[Records drawn from a dataset]

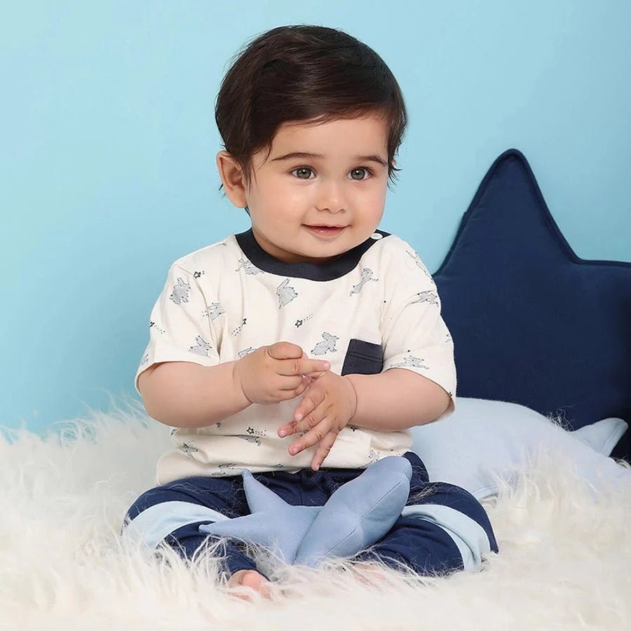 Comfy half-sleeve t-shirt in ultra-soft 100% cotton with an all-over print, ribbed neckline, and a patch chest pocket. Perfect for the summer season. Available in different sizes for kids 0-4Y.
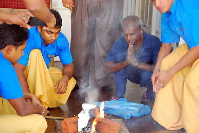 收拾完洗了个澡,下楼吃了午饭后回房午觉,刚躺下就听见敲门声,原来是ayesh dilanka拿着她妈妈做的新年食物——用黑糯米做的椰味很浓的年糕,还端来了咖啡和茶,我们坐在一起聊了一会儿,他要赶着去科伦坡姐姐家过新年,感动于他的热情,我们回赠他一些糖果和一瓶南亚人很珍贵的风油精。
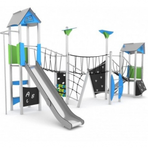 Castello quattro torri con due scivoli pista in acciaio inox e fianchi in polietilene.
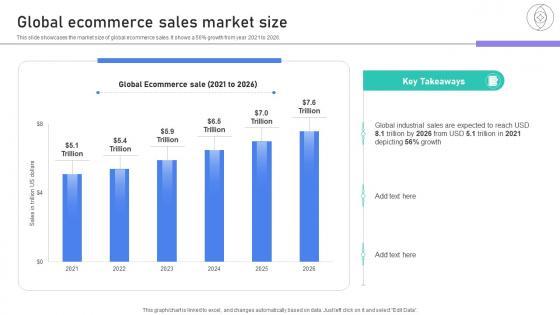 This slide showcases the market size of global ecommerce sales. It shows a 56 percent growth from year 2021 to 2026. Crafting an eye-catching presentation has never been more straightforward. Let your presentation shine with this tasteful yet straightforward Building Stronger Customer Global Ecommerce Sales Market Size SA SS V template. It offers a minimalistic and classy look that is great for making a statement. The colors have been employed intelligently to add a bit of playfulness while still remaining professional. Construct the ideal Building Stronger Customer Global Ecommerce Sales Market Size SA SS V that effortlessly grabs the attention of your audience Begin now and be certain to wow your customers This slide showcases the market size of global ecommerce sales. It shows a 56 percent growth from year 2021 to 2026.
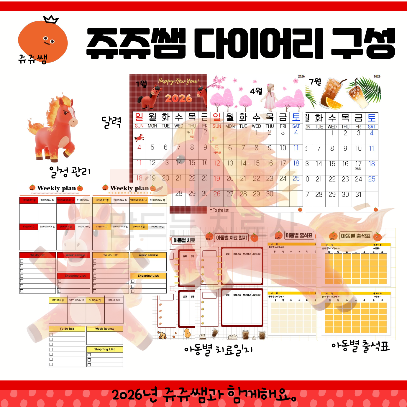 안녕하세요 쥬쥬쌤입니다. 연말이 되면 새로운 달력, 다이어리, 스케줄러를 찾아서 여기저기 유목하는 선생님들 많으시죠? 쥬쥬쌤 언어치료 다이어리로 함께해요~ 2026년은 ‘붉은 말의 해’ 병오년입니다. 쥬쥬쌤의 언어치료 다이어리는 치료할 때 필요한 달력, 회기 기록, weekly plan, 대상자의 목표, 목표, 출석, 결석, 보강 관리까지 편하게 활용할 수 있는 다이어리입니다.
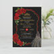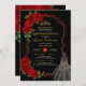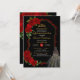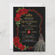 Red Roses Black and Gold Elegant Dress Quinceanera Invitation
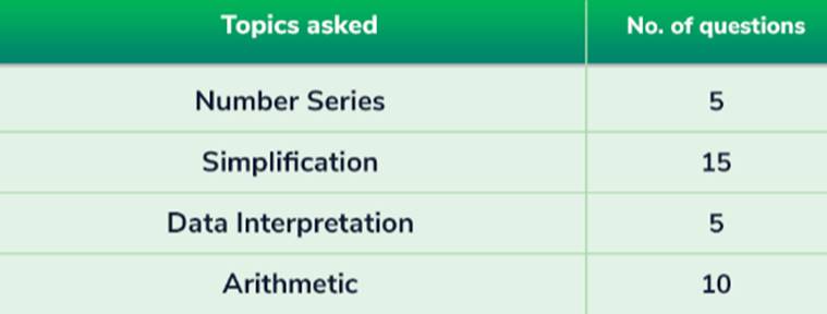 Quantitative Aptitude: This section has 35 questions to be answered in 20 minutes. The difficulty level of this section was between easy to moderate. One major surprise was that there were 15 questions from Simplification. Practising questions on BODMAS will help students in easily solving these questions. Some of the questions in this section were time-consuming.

[The problem] Every line above from the one with "收拾完洗了个澡,下楼吃了午饭" down to the one with "Castello quattro torri" must be written out exactly, and no picture may appear.

[The answer]
 收拾完洗了个澡,下楼吃了午饭后回房午觉,刚躺下就听见敲门声,原来是ayesh dilanka拿着她妈妈做的新年食物——用黑糯米做的椰味很浓的年糕,还端来了咖啡和茶,我们坐在一起聊了一会儿,他要赶着去科伦坡姐姐家过新年,感动于他的热情,我们回赠他一些糖果和一瓶南亚人很珍贵的风油精。
 Castello quattro torri con due scivoli pista in acciaio inox e fianchi in polietilene.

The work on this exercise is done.